Ah! réponds à ma tendresse!
Verse-moi, verse-moi l'ivresse! 
Samson! Samson! Je t'aime!​
Perhaps the first great recorded Dalila is the french singer Jeanne Gerville-Réache, in 1909:






But here we are going to listen to five different versions of the aria, by five first rate mezzos: some retired, some active; some in opera, some in recitals; some easy to identify, some not that easy...

We just need to devote 30 minutes, enjoy the music and the gorgeous voices, and choose our favorite. One week from now, we will close the poll and I will reveal the names of the mezzos. 

Dalila - First

Dalila - Second

Dalila - Third

Dalila - Fourth

Dalila - Fifth


----------



## Aramis (Mar 1, 2009)

I have only one recording of this opera and Dalila is performed by dated mezzo hardly sounding like young, tempting woman, so I didn't really dig this aria so far, I remember Samson's melodies from 1st act much better. Perhaps listening to these will change something.


----------



## sospiro (Apr 3, 2010)

4th

Although the recording was rather quiet, this one stood out for me.

Great idea for a thread btw


----------



## mamascarlatti (Sep 23, 2009)

I'm with Annie - the 4th, although I'd like to hear a better recording. She managed to put emotion into her singing without over-exaggerating.

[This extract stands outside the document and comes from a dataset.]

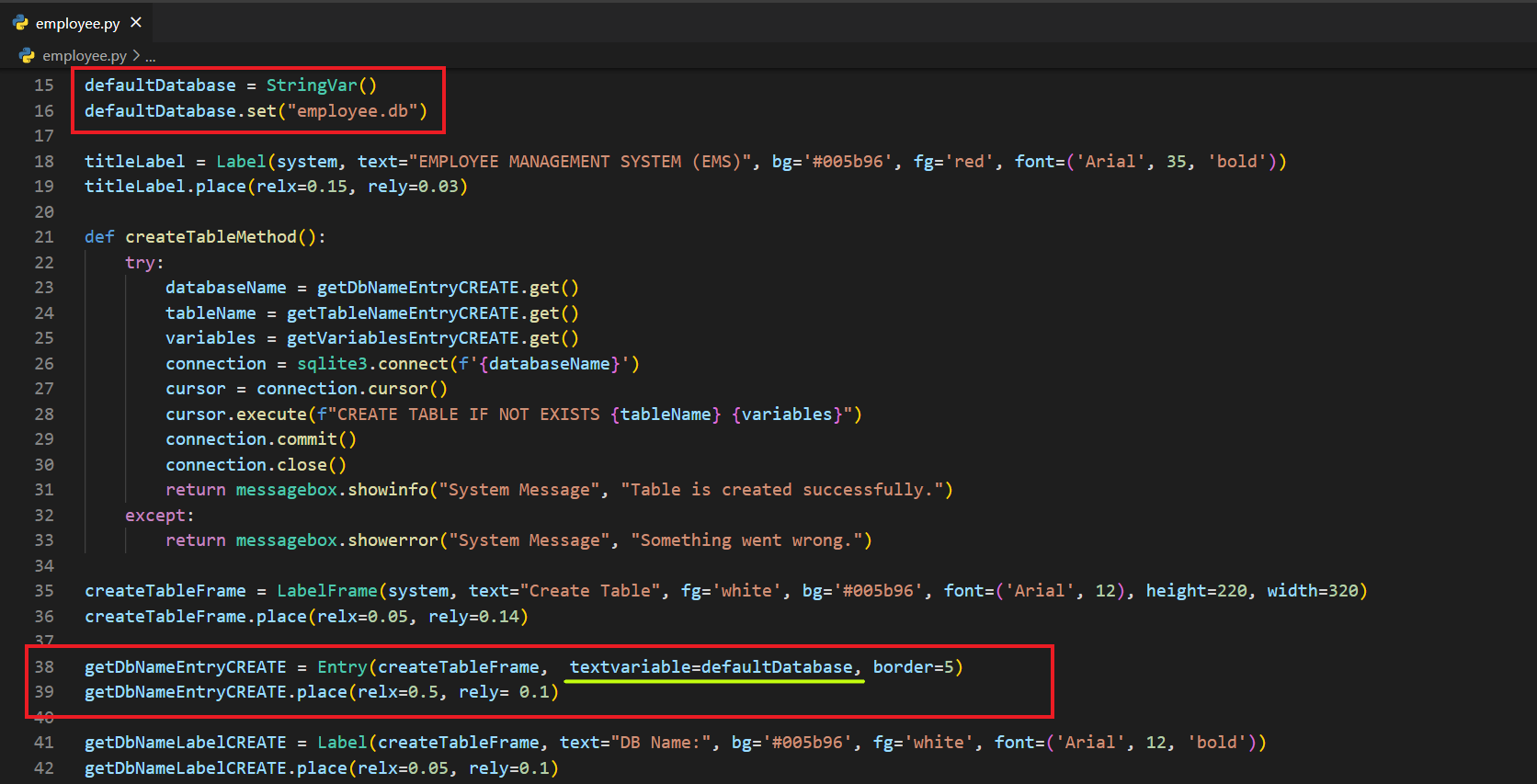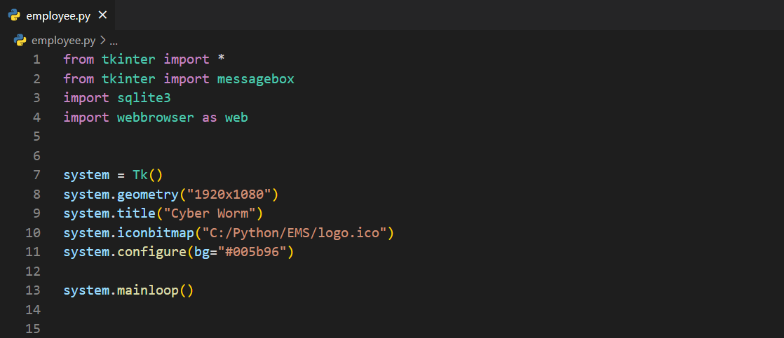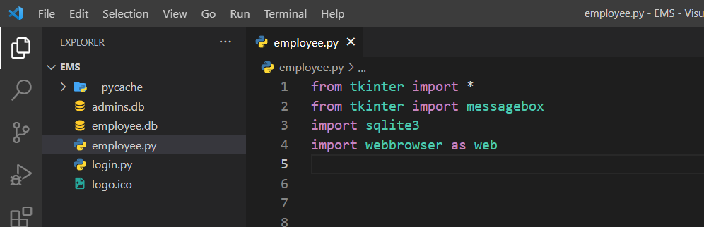 Bunun için employee.db isminde bir veri tabanı ve employee.py isminde bir dosya açıyorum. Hemen sonrasında employee.py dosyasına gerekli modülleri aktarıyorum.
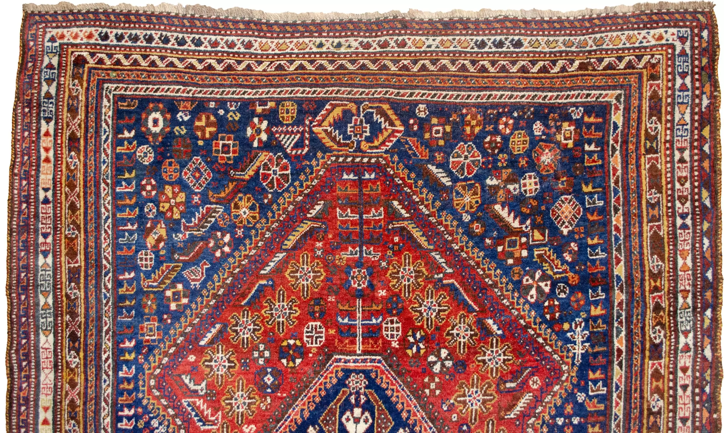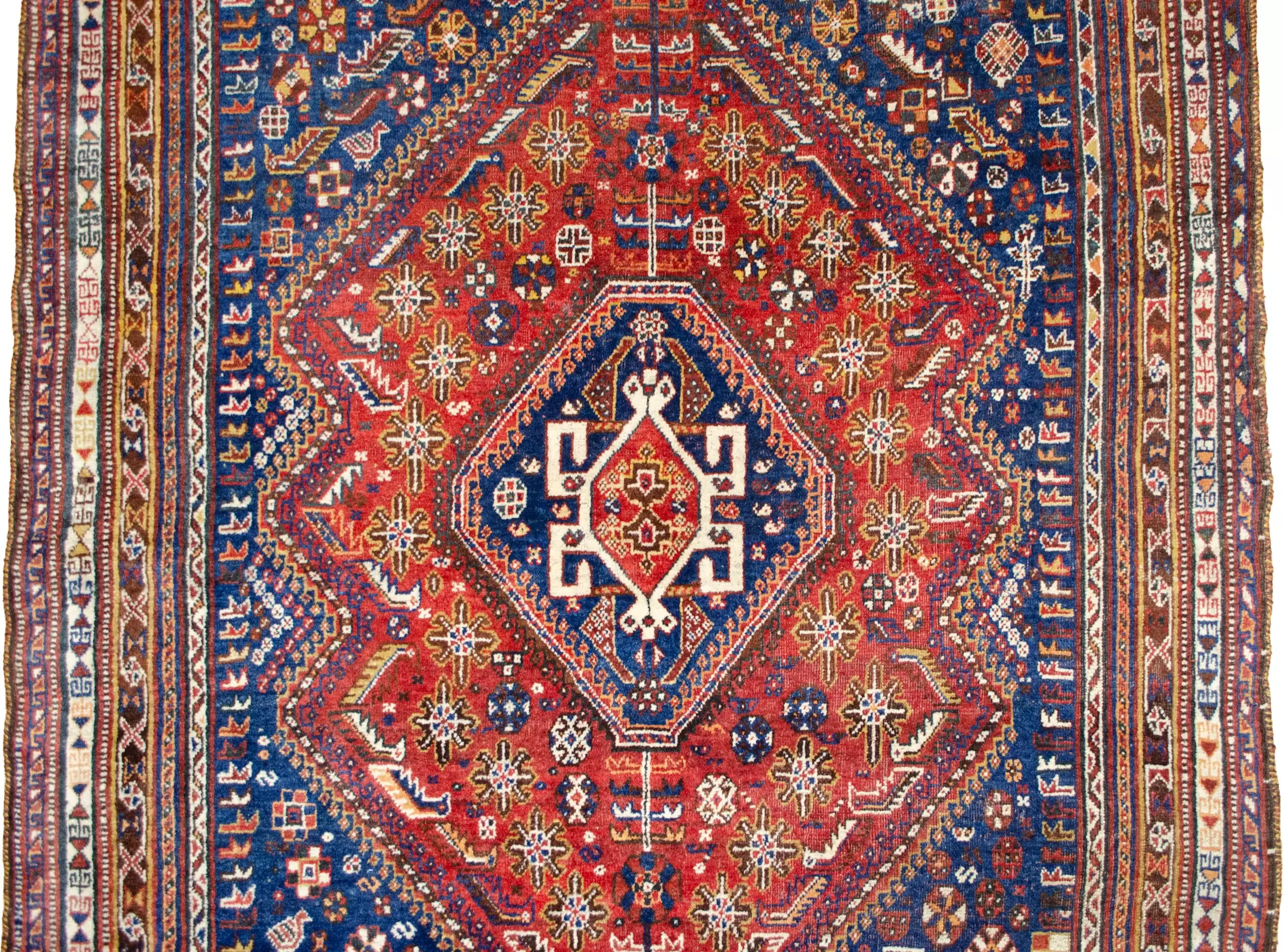This antique Qashqai rug is a striking representation of South Persian tribal art at its most symbolic. Anchored by a rich, saturated red ground, the piece features a commanding indigo blue central medallion. At the heart of this medallion lies the famous Qashqai “Scarab Beetle” motif—an ancient tribal symbol of protection and rebirth—with distinctive poles protruding from each end, a signature of the most traditional Qashqai lineages.

Then 1st, very beautiful and calm, if a bit flat.

N.5 (Shirley Verrett?) was a bit over the top.

Really didn't like 2 (but I often dislike historical recordings) or 3's voice.


----------



## sospiro (Apr 3, 2010)

mamascarlatti said:


> I'm with Annie - the 4th, although I'd like to hear a better recording. She managed to put emotion into her singing without over-exaggerating.
> 
> Then 1st, very beautiful and calm, if a bit flat.
> 
> ...


I thought 4's accent was good as well, but as you know I'm not an expert

Don't forget to vote


----------



## mamascarlatti (Sep 23, 2009)

sospiro said:


> I thought 4's accent was good as well, but as you know I'm not an expert
> 
> *Don't forget to vote*


Done......


----------



## Almaviva (Aug 13, 2010)

I loved the fifth one, with excellent technique and musicality (a better sense of the musical line), a narrow vibrato, and a very pleasant voice. I voted for her. Would it be Marilyn Horne by any chance? Probably not because the recording sounds older, but I thought this mezzo sounds a lot like her.


----------



## mamascarlatti (Sep 23, 2009)

Almaviva said:


> I loved the fifth one, with excellent technique and musicality (a better sense of the musical line), a narrow vibrato, and a very pleasant voice. I voted for her.* Would it be Marilyn Horne by any chance?* Probably not because the recording sounds older, but I thought this mezzo sounds a lot like her.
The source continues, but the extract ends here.